I want to merge two data frames (named 'data' and 'add') so that only the rows of the first dataframe(data) are kept (Left Join).
When I use
Merged <- merge(data, add, by.x = "DATAGene", by.y = "ADDGene", all.x = TRUE, all.y = FALSE)
I get more rows than I had in the first data frame.
dim(data)
[1] 21578 4
dim(add)
[1] 25778 2
dim(Merged)
[1] 21639 5`
Why would this happen and is there a way to avoid it?

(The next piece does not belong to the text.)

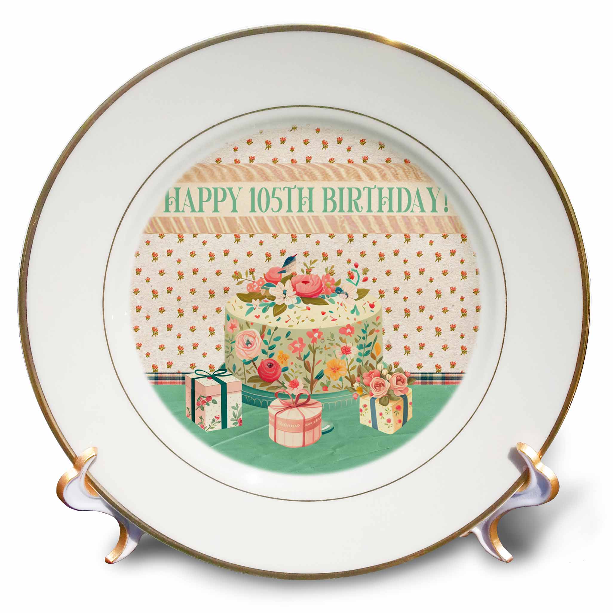 3dRose Happy 105th Birthday, Bird in Flower Garden Cake, Gifts, Pastels - Plates (cp-383144)

Both the DATAGene and ADDGene columns are character columns.
The datatable "add" looks like..
ADDGene V1
1 TSPAN6 51
2 TNMD 0
3 DPM1 114
4 SCYL3 9
5 C1orf112 1
...
87 SPPL2B 6
88 FAM214B 20
89 COPZ2 75
. .
The datatable "data" looks like..
DATAGene V2 V3 V4
1 TSPAN6 294 778 595
2 TNMD 0 8 0
3 DPM1 354 311 696
4 SCYL3 86 94 134
5 C1orf112 147 268 263
...
87 FAM214B 415 115 156
88 COPZ2 82 13 12
89 PRKAR2B 1523 710 250
It is highly possible that one of the data.frame has duplicate value of gene name
You are correct, the Data and Merged data tables have the same number of rows if I only count the unique ones. Do you know if there a way to keep only the rows from Data and its duplicates?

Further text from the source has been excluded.